*DATA BELOW*
::::::

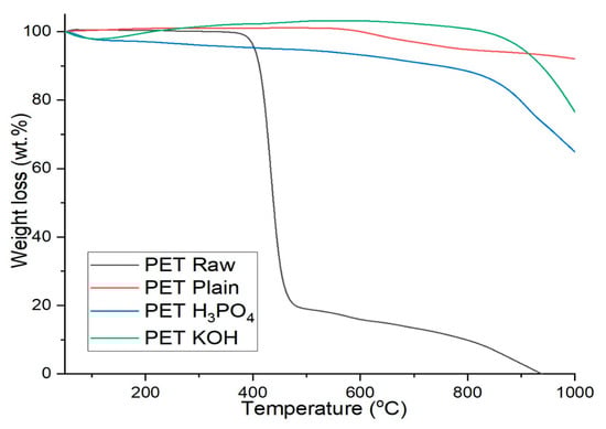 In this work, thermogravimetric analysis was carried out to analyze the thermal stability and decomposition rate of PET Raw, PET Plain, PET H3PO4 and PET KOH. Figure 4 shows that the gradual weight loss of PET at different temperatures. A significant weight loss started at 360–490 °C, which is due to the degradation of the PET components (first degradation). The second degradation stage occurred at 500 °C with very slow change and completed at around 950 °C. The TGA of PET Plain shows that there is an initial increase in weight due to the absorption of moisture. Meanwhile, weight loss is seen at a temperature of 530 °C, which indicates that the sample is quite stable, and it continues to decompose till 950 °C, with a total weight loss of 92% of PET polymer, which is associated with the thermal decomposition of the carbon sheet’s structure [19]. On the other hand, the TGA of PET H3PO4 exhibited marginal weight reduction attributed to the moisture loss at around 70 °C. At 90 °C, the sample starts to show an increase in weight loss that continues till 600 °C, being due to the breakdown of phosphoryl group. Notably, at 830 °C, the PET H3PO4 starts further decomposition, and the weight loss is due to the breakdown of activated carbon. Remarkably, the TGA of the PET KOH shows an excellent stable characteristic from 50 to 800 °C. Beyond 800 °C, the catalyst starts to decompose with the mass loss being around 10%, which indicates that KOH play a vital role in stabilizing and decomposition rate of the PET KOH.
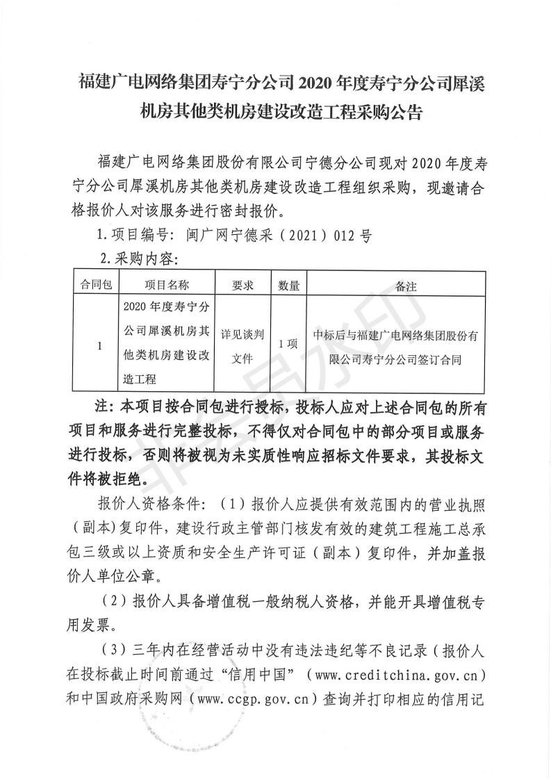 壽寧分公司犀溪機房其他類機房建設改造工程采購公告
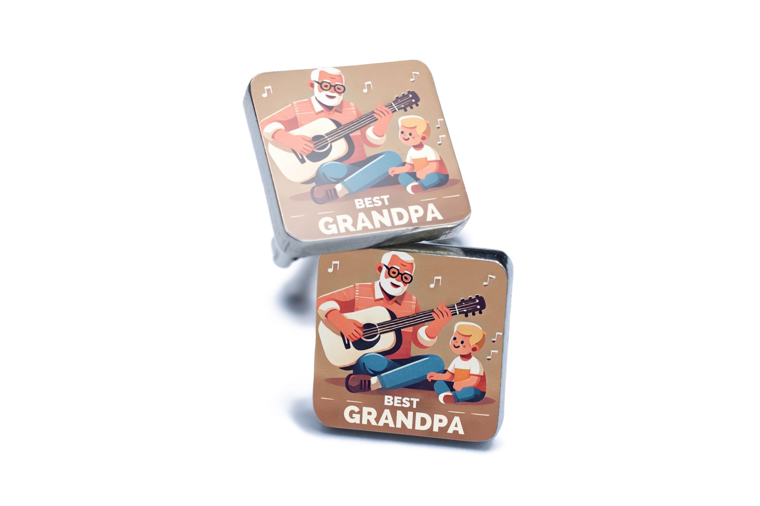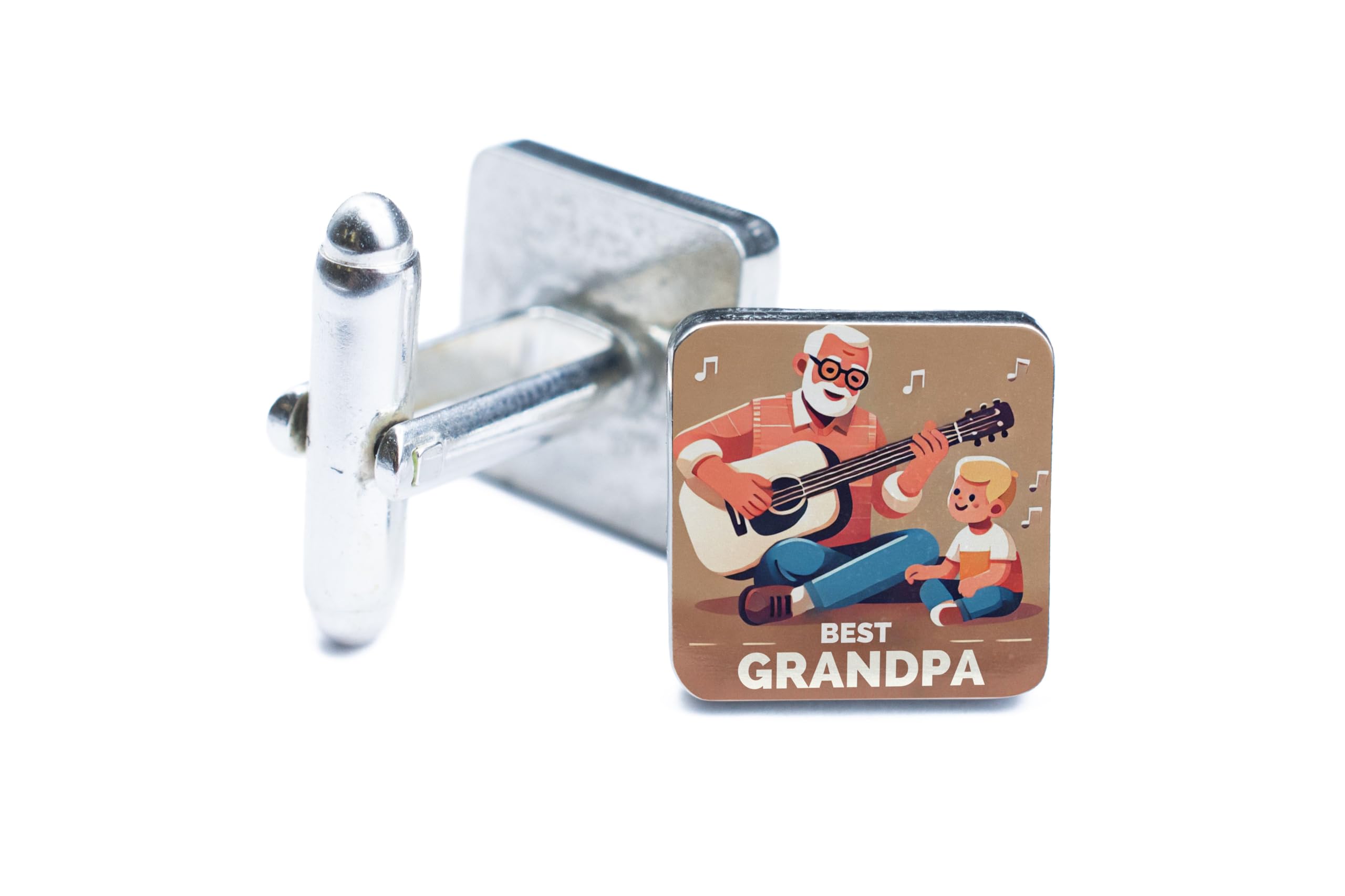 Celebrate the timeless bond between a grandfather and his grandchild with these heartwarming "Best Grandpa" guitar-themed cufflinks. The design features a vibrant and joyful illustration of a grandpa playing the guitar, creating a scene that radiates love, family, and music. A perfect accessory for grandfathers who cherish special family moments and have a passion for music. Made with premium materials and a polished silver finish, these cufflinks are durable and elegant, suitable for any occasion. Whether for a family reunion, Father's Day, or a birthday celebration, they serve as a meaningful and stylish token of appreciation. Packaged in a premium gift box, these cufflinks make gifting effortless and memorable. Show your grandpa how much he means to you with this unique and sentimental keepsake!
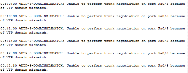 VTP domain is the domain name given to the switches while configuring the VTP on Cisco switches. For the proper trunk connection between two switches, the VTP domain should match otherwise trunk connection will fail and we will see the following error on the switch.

::::::

Repeat the listing verbatim without its pictures.

*TASK ANSWER*
 In this work, thermogravimetric analysis was carried out to analyze the thermal stability and decomposition rate of PET Raw, PET Plain, PET H3PO4 and PET KOH. Figure 4 shows that the gradual weight loss of PET at different temperatures. A significant weight loss started at 360–490 °C, which is due to the degradation of the PET components (first degradation). The second degradation stage occurred at 500 °C with very slow change and completed at around 950 °C. The TGA of PET Plain shows that there is an initial increase in weight due to the absorption of moisture. Meanwhile, weight loss is seen at a temperature of 530 °C, which indicates that the sample is quite stable, and it continues to decompose till 950 °C, with a total weight loss of 92% of PET polymer, which is associated with the thermal decomposition of the carbon sheet’s structure [19]. On the other hand, the TGA of PET H3PO4 exhibited marginal weight reduction attributed to the moisture loss at around 70 °C. At 90 °C, the sample starts to show an increase in weight loss that continues till 600 °C, being due to the breakdown of phosphoryl group. Notably, at 830 °C, the PET H3PO4 starts further decomposition, and the weight loss is due to the breakdown of activated carbon. Remarkably, the TGA of the PET KOH shows an excellent stable characteristic from 50 to 800 °C. Beyond 800 °C, the catalyst starts to decompose with the mass loss being around 10%, which indicates that KOH play a vital role in stabilizing and decomposition rate of the PET KOH.
 壽寧分公司犀溪機房其他類機房建設改造工程采購公告
 Celebrate the timeless bond between a grandfather and his grandchild with these heartwarming "Best Grandpa" guitar-themed cufflinks. The design features a vibrant and joyful illustration of a grandpa playing the guitar, creating a scene that radiates love, family, and music. A perfect accessory for grandfathers who cherish special family moments and have a passion for music. Made with premium materials and a polished silver finish, these cufflinks are durable and elegant, suitable for any occasion. Whether for a family reunion, Father's Day, or a birthday celebration, they serve as a meaningful and stylish token of appreciation. Packaged in a premium gift box, these cufflinks make gifting effortless and memorable. Show your grandpa how much he means to you with this unique and sentimental keepsake!
 VTP domain is the domain name given to the switches while configuring the VTP on Cisco switches. For the proper trunk connection between two switches, the VTP domain should match otherwise trunk connection will fail and we will see the following error on the switch.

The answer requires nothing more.